5- Das Gedankengut von Zarathustra besagt, dass die Schöpfung eine Bedeutung, einen Sinn, eine Absicht, einen Anfang, ein Ziel und ein Ende hat und der Weg der Schöpfung in diese Richtung auf die gegenüberstehende Dialektik passiert. Aber der Tag der Auferstehung der Toten und der Glaube an das Jüngste Gericht (der eine der fundamentalen Säulen der Religion Islam ist) geht dem Ziel der Schöpfung nach zarathustrischem Glauben nichts an.

Nach dem islamischen Glauben erschafft Gott die Welt und beendet alles jeder Zeit, wann immer er es will. Deswegen finden wir in der islamischen Ideologie „Mahdaviyyat“ [18]. Einige der Glaubensrichtungen und Sekten der Religion Islam haben den zarathustrischen Glauben an den Tag der Auferstehung willkürlich und mit falscher Interpretation übernommen. Nach zarathustrischem Glauben wird das Universum laut des Schöpfungsgesetzes „Ašâ“ unausweichlich ein Ende in sich tragen, so wie der Schöpfer es geplant hat. Währenddessen ist das jüdisch-islamische Mahdaviyat Gedankengut nicht klar und deutlich und ergibt auch keinen Sinn. Z. B. der Mahdi der schiitischen Glaubensrichtung kommt auf die Erde zurück, um „ein für alle Mal“ das Unrecht und die Unterdrückung abzuschaffen, um dann die Gottesgerechtigkeit auf der Erde herzustellen; er wird aber selbst dabei durch die Hand „einer bebarteten Greisin“ getötet, um Märtyrer zu werden. Das „Mahdaviyyat Szenario“ der jüdisch-islamischen Religionen ist meistens ohne einen logischen Aufbau.

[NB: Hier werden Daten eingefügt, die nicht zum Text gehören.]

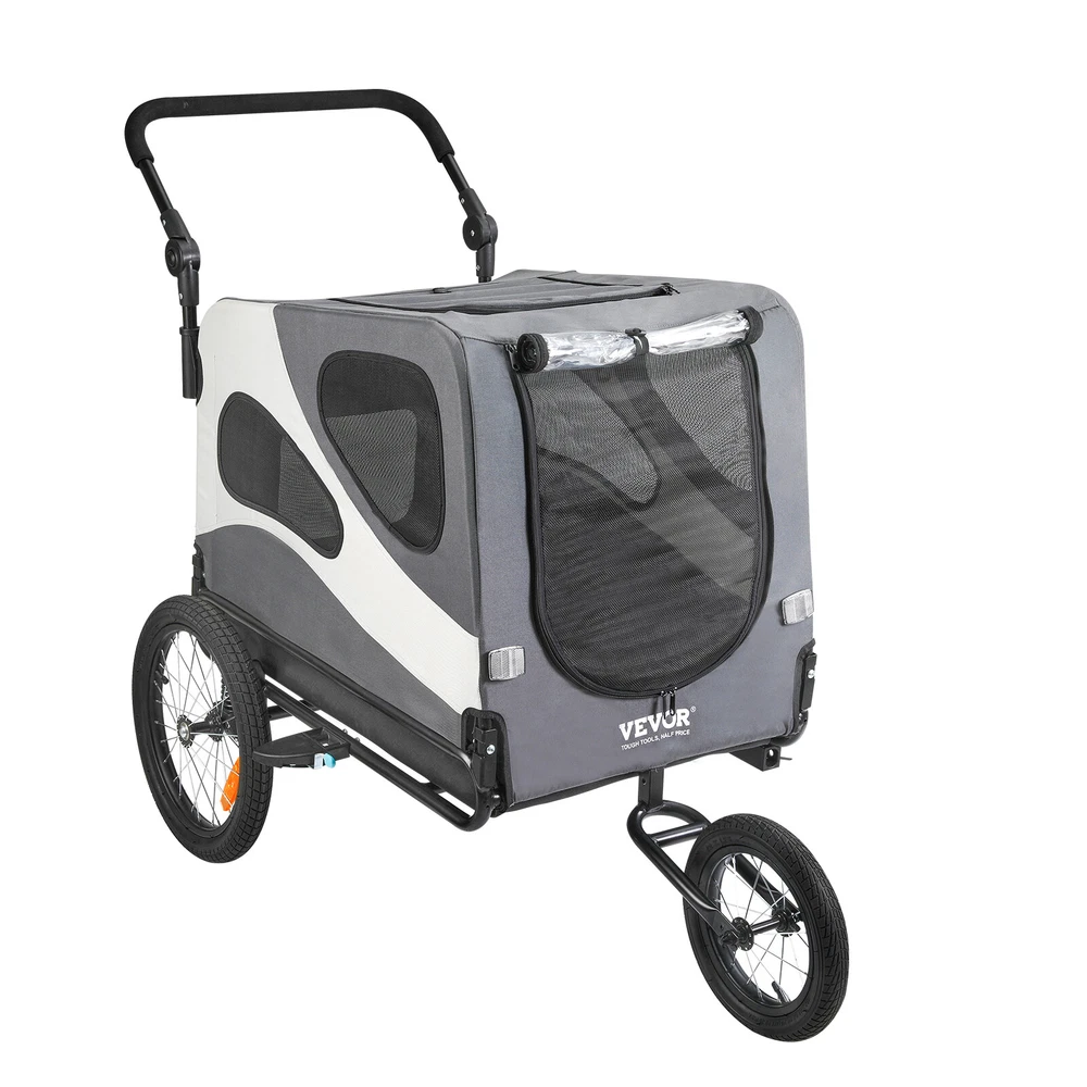 Document Product Description VEVOR Pet Bike Trailer – A Fun Way to Travel Our dog bike trailer provides a roomy compartment where your furry friend can relax while you ride. It's perfect for a medium-sized dog or multiple smaller ones up to 26" tall, with a load limit of 100 lbs/45 kg. Crafted from top-notch materials, our pet bike carrier is made for durability. Tear-resistant mesh on the inside ensures stability, while the exterior's tough texture adds grip. The transparent front door of this bike pet trailer features weather protection and a four-sided mesh design for a comfortable riding experience. Your pet can easily enter through the zippered front and rear doors. We've added a high-visibility flag and four reflectors to make your dog bike carrier easily noticeable on the road, even in low-light conditions. Setting up our bike dog carrier is a piece of cake. No special skills or tools are needed. Even newcomers can have it ready to roll, giving you more time for fun adventures with your pet. Features & Details 2-in-1 Design: This dog bike trailer is your perfect partner for leisurely bike rides and active jogging sessions. It easily transforms from a bicycle trailer to a jogging stroller. It fits most bicycles with wheel diameters of 22-28 inches and can carry up to 100 lbs/45 kg, making it effortless to take your furry companion on adventures. Smooth Riding: Our pet bike carrier ensures a comfortable journey with the built-in shock absorber. Security is a priority with a reliable parking brake to prevent any unexpected movement. Plus, the adjustable handle caters to people of all heights, ranging from 33.07"/840 mm (at a 90° angle) to 44.69"/1135 mm (at a 180° angle). Premium Materials for Durability: This dog bike carrier is built tough with a powder-coated steel frame and waterproof, sunproof 600D polyester fabric. The front door features a zippered mesh layer and a PVC canvas layer. Fold the PVC canvas for a cool breeze, or lower it to keep your pet dry. Let your dog enjoy the ride! Easy In, Easy Out: Getting your pet in and out is a breeze with this pet bike trailer. The transparent front door provides protection from wind and rain while ensuring excellent ventilation. Your pet can hop in through the zippered front and rear doors and even stick their head out, all with ease. Quick Connect and Fold: Assembling our bike dog carrier is a snap, quickly connecting to your bike via a coupler. The wheels are removable, and the frame folds and flips for convenient storage and transportation. SHIPPING ABOUT US PAYMENT RETURNS CONTACT WARRANTY Welcome to our eBay store. As a leading and emerging company in manufacturer and exporting business, we are specialized in Business and Industrial Products, Sporting Goods, Pet Products, Home and Garden products for more than 10 years. We believe that it is our vision and mission to provide innovative products with best service and competitive price to satisfy you. Our goal is to make sure that you can find exactly what you are looking for and make it easy for you to place your orders. We accept PayPal payment,PayPal Credit,Credit card or debit card and so on. Payment should be completed within 4 (Four) days of auction closing. Or unpaid dispute will be filed for closing auction. We will leave a positive feedback immediately after payment is received. We appreciate a positive feedback as much as you do. If for some reason there is any issue with the purchase, please contact us prior to leaving feedback, we will be glad to work together and provide a satisfying solution. Please be aware that PO Box cannot receive items, please DO NOT fill in the PO Box address. DELIVERY DAYS: 3-7 BUSINESS DAYS 3 BUSINESS DAYS SHIPPING OUT SHIP FROM CA & TX & NJ & GA & NC &OR WAREHOUSE California Warehouse: City of Industry, CA Texas Warehouse : Houston, TX New Jersey Warehouse : Perth Amboy, NJ New York State Warehouse: Perth Amboy, NJ Georgia Warehouse: Austell,GA North Carolina Warehouse: Grove NC Oregon Warehouse: AIRPORT WAY Portland,OR All of our items are backed with a 30-day return policy. We ensure all our items are new and in excellent condition prior to shipping. In case you receive the item that is not to the standards above, please contact us via e-Bay messages. All returns must be in new original condition as received and should be shipped with delivery confirmation Please note that all returns must be pre-approved by us. Unauthorized returns will not be accepted. If you need to return, please check twice to confirm the item not work and contact our customer service representative, let us know the detailed problem and send us some pictures for confirmation. We ONLY accept returns with original package. Please make sure that item has NO man-made sabotage. Used items will not be accepted for return. Email Customer Support: 9:00am-2:00am PST Sunday-Friday All emails will be responded to within 12-24 hours This item comes with 12 months Warranty from the date of customers purchased it. Special circumstances will be listed clearly in the listing. If your item has been damaged in transit or become faulty in warranty period, please email us with pictures or video to show the problem. Please do check everything carefully after you received the parcel, any the damage except DOA (Dead-On-Arrival) would not be covered if it's your fault. Replacement products are provided with the same warranty as the returned products. VEVOR is a leading brand that specializes in equipment and tools. Along with thousands of motivated employees, VEVOR is dedicated to providing our customers with tough equipment & tools at incredibly low prices. Today, VEVOR's products are sold in more than 200 countries and regions with 10 million plus members worldwide. VEVOR Pet Bike Trailer – A Fun Way to Travel Our dog bike trailer provides a roomy compartment where your furry friend can relax while you ride. It's perfect for a medium-sized dog or multiple smaller ones up to 26" tall, w

6- Nach Zarathustra ist der Mensch – entsprechend seiner Weltanschauung über die Schöpfung des Menschen – ein wunderbares Geschöpf voller Kühnheit, Edelmut und Schönheit. Ahurâ Mazdâ erschuf den Menschen während seines Kampfes gegen Ahriman, um durch den Menschen die Erde zu bebauen und sie in ein Paradies zu verwandeln, und anschließend für die Ewigkeit in diesem Paradies zu verweilen.

Aber der Mensch, der durch Allah erschaffen wurde, ist von Anfang an ein „ungerechtes und unwissendes“ Geschöpf.{zoluman jahulan} [19]. Er ist tyrannisch, dumm, gierig und verfressen, der wiederum ständig von Gott gepeitscht, gefoltert und getadelt werden muss, – in dieser Welt und auch nach der Auferstehung – muss er gefügig gemacht und zurechtgewiesen werden. Der Sinn seiner Erschaffung ist unklar; er hat keinen Einfluss und Willen auf seine Taten; er kann nicht einmal sich bei Gott beschweren, „verehrter Gott, wenn Du alles von Anfang an so gewollt hast, warum denn das ganze Leid und einen Abrechnungstag?“

7- Der Gott von Zarathustra ist der Gott des Wissens und der Vernunft. Er ruft den Menschen ins Leben, haucht die Vernunft in seine Adern, um mit dessen Hilfe und als Freund Gottes die erschaffene Welt zu bebauen. Folglich, ist die Philosophie entstanden aus Zarathustras Gedanken nicht anderes als „die Entdeckung und Eroberung des Universums mit Hilfe der Vernunft“. Heute ist dieses „Gesetz“ unbestreitbar. Der Deutsche Max Weber sagte: „Der Inhalt des Fortschrittes in der menschlichen Geschichte ist nichts anderes als kontinuierlich „rational“ werdende Gedanken und Handeln des Menschen“. Mit anderen Worten, das ständige Wachstum und die Nutzung des Verstandes (oder die zarathustrische Vernunft) wird dazu führen, dass die Verschleierung des Sinnes, der Aberglaube und die Dunkelheit des Verstandes der Vernunft und dem Glauben auf der Basis der wissenschaftlichen Möglichkeiten Platz machen.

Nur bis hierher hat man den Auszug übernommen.